Его голос становится низким, почти вибрирующим.
— Держи руки при себе, — говорит Канеки, желая хоть как-то уклониться от того, что — он знает, — последует дальше. От того, как реагирует на этот голос собственное тело. Но его не слушают. И не слушали. Никогда.
— Зачем? Ты же любишь... так. И так, — почти мурлычет тот, «другой» Канеки, небрежно оглаживая бедра Канеки сквозь ткань. — А еще, — прикусывая ухо и обводя внутри языком, — вот так.
Эта сволочь знает, что и как именно ему нравится, ведь он тоже — Канеки.
— Заткнись и оставь меня в покое.
Тот лишь смеется. Канеки морщится: этот навязчивый смех, кажется, проникает прямо в мозг, минуя все защитные барьеры.
— Ни за что.
Колени предательски подгибаются; чтобы удержаться на ногах, приходится облокотиться на стену... Точнее, пришлось бы — его перехватывают, заставляя опереться на чужую грудь. Чужие горячие руки обхватывают с обеих сторон, так, что захочешь — не вырвешься. Левой двойник пробирается под рубашку, царапая кожу черными ногтями; правая в это время скользит по животу. Лениво обводит пупок, подбирается под резинку штанов и дальше. Глубже. Канеки хочет вырваться, но может только хрипло и часто дышать, как загнанное животное.
А когда чужие пальцы жестко сжимают его внизу, не остается даже дыхания. Канеки выгибается, пытаясь отстраниться и, одновременно, прижаться еще теснее. Ближе. Сильнее. Влиться под кожу, прямо в вены, впитать запах и смеяться так же, как смеется тот, другой. Даже если это означает потерять самого себя. Снова.
Мысль смешит, и Канеки фыркает — раз, другой, третий, прежде чем согнуться почти напополам в приступе истерического хохота. Ведь нет ничего глупее, чем удерживать уже сорванную пружину, рано или поздно она все равно ударит.
Когда двойник кусает его за шею, в Канеки что-то меняется. Он больше не чувствует страха, стыда или обреченности. Словно их попросту выключили. А может, — думает он, возвращая должок и прикусывая того, другого Канеки за свою — или все-таки чужую? — ладонь, их и не было никогда.

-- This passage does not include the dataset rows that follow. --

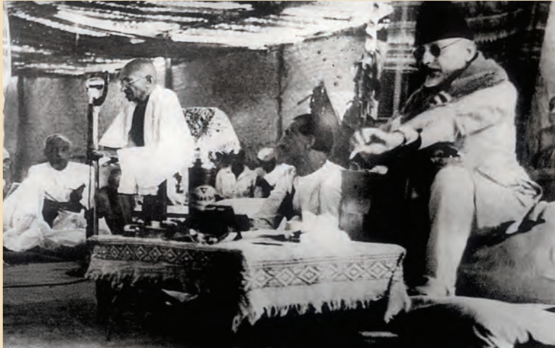
Fig. 17 – Maulana Azad with other members at the Congress Working Committee, Sevagram, 1942

Azad was born in Mecca to a Bengali father and an Arab mother. Well-versed in many languages, Azad was a scholar of Islam and an exponent of the notion of wahadat-i-deen , the essential oneness of all religions. An active participant in Gandhian movements and a staunch advocate of Hindu-Muslim unity, he was opposed to Jinnah's two-nation theory.
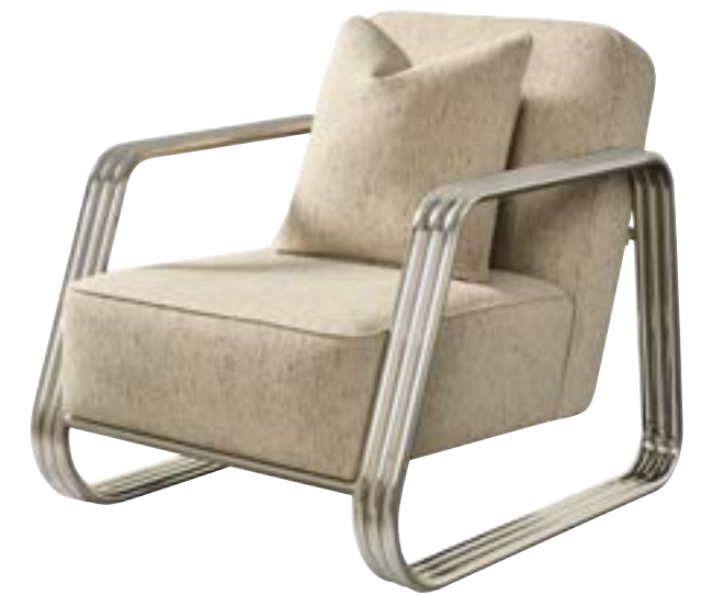
HAMMERSMITH CHAIR SL3217

Shown in 2049-93 Fabric Shown in Fulham Finish
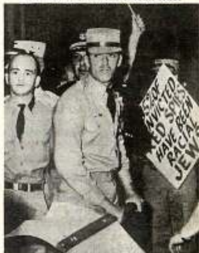
American Nazi, member of spearheading group headed by George Lincoln Rothwell, was placed right in effort to hold off spectators at 25th and Locust.
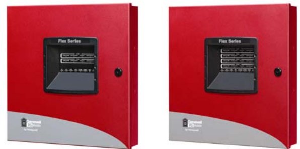
GWF402 (left) and GWF404 (right)
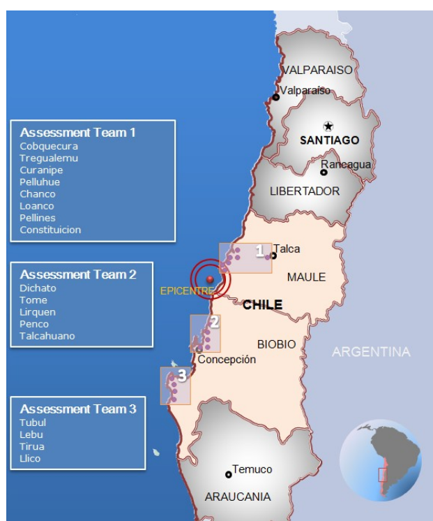
Map representing the areas where interagency assessment missions were carried out between 8 and 9 March.
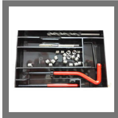
Thread Repair Kits
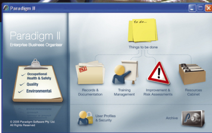
Paradigm II Enterprise Business Organiser Launcher Screen.

Modular software scalable to suit small and large Business
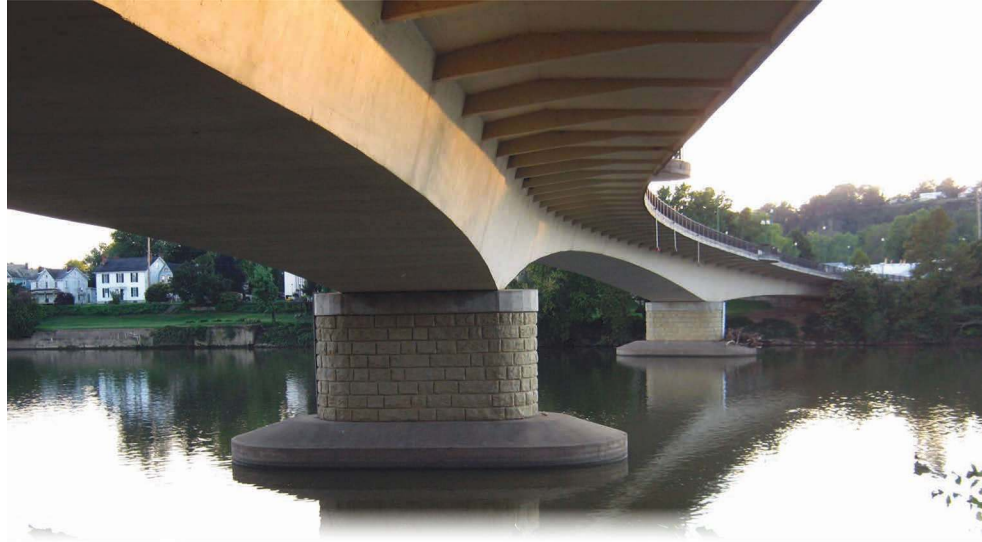
Putnam Bridge piers 1 and 2 south elevation.

Washington County is also home to the Putnam Bridge, Ohio's first cast-in-place concrete, segmental, box-girder bridge. The Putnam Bridge spans the Muskingum River, in the pioneer city of Marietta. Construction began in June 1998 and was completed in September of 2000, replacing a 1914 steel through-truss bridge. The original design was by HNTB of Cleveland, Ohio, with a value engineering re-design by Finley McNary Engineers Inc. of Tallahassee, Fla. Construction of the bridge was

Он слышит рядом сорванный выдох и вгрызается еще сильнее. Разошедшаяся под зубами кожа заполняет рот горячим и красным. Канеки слизывает с губ металл с привкусом соли. Если нет боли, то, наверное, и рука была все-таки не его? Хотя, какая теперь разница...
— Вкусно? — довольно хмыкают рядом; Канеки поднимает взгляд, встречаясь глазами с двойником; алый зрачок на фоне слепящей тьмы гипнотизирует и манит, затягивая в омут, обещая все глубины ада — и наслаждения.
Разницы действительно нет.
— Хочешь, я покажу тебе больше?
Канеки ничего не отвечает, только ухмыляется. Его полная крови улыбка, должно быть, выглядит пугающей, но двойнику явно нравится.
— Хороший мальчик, — шепчет он, подбираясь еще ближе, затем протягивает руку и сжимает открытое белое горло, впиваясь пальцами в позвонки; Канеки отвечает ему тем же. Боль немного отрезвляет — но лишь настолько, чтобы почувствовать в ней скрытые ранее оттенки удовольствия.
Больше не сдерживаясь, он целует бледные, приоткрытые в попытке вдохнуть чужие губы, и эта кровь кажется ему слаще самого сладкого яда.
Канеки думает, что, возможно, они оба безумны. Но все равно наслаждается этим.